**Problem description**
Give the data again exactly as written, without any of its pictures.

**Data block**
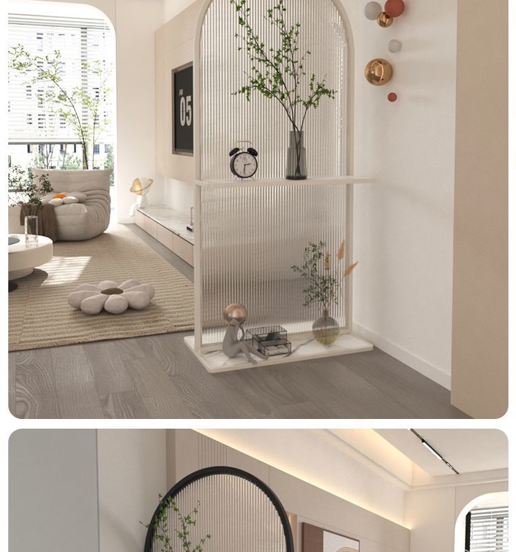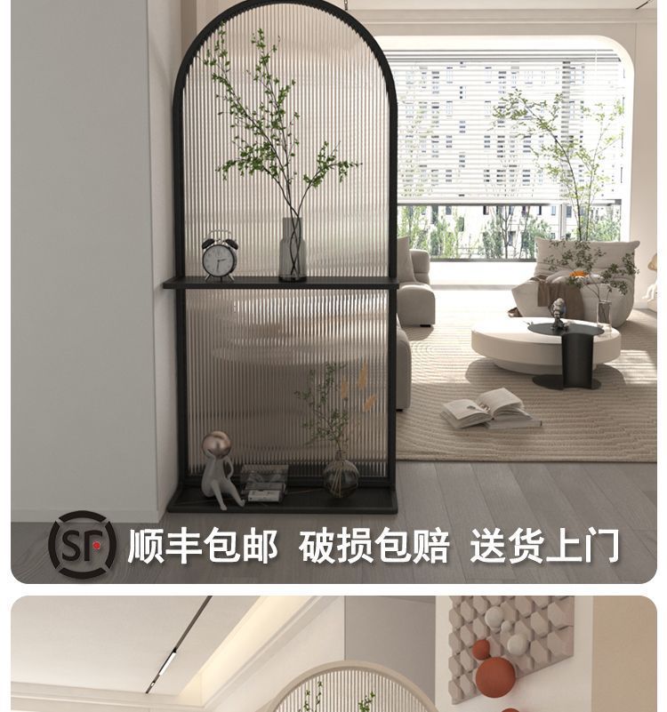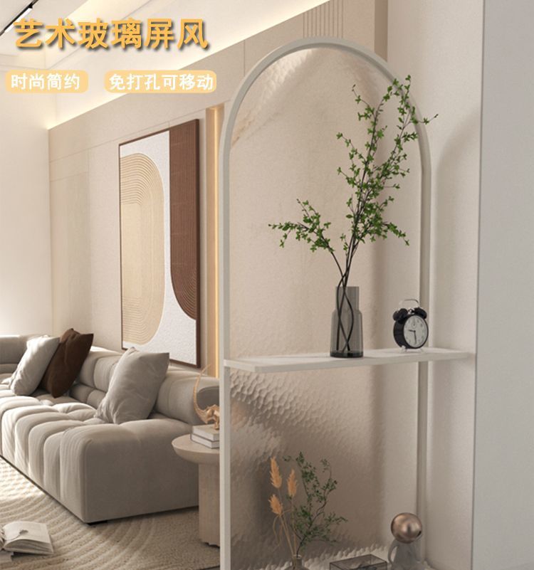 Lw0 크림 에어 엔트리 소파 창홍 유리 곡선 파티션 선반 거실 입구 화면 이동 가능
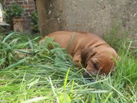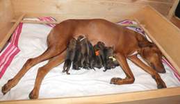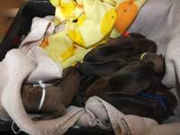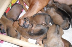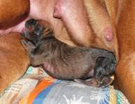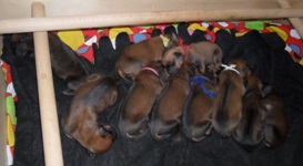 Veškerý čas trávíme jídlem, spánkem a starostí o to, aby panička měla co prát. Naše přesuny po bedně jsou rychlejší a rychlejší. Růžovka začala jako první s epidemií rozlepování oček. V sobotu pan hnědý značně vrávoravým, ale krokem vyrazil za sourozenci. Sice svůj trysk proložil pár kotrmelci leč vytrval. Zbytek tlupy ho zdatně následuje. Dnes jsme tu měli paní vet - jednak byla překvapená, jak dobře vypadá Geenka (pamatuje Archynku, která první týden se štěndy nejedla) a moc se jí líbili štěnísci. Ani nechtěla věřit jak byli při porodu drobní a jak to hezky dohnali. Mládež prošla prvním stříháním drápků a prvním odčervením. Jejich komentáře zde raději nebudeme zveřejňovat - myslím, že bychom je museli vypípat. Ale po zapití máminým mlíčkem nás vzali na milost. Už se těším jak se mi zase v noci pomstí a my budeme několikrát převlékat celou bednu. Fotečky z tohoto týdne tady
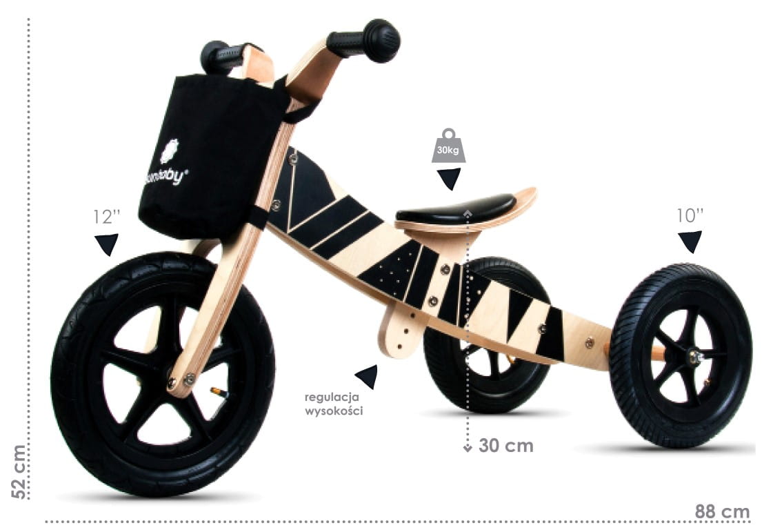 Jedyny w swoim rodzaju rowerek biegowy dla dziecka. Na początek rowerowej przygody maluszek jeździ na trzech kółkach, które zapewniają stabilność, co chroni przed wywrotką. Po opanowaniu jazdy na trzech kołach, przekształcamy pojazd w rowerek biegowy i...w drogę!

**Answer below**
 Lw0 크림 에어 엔트리 소파 창홍 유리 곡선 파티션 선반 거실 입구 화면 이동 가능
 Veškerý čas trávíme jídlem, spánkem a starostí o to, aby panička měla co prát. Naše přesuny po bedně jsou rychlejší a rychlejší. Růžovka začala jako první s epidemií rozlepování oček. V sobotu pan hnědý značně vrávoravým, ale krokem vyrazil za sourozenci. Sice svůj trysk proložil pár kotrmelci leč vytrval. Zbytek tlupy ho zdatně následuje. Dnes jsme tu měli paní vet - jednak byla překvapená, jak dobře vypadá Geenka (pamatuje Archynku, která první týden se štěndy nejedla) a moc se jí líbili štěnísci. Ani nechtěla věřit jak byli při porodu drobní a jak to hezky dohnali. Mládež prošla prvním stříháním drápků a prvním odčervením. Jejich komentáře zde raději nebudeme zveřejňovat - myslím, že bychom je museli vypípat. Ale po zapití máminým mlíčkem nás vzali na milost. Už se těším jak se mi zase v noci pomstí a my budeme několikrát převlékat celou bednu. Fotečky z tohoto týdne tady
 Jedyny w swoim rodzaju rowerek biegowy dla dziecka. Na początek rowerowej przygody maluszek jeździ na trzech kółkach, które zapewniają stabilność, co chroni przed wywrotką. Po opanowaniu jazdy na trzech kołach, przekształcamy pojazd w rowerek biegowy i...w drogę!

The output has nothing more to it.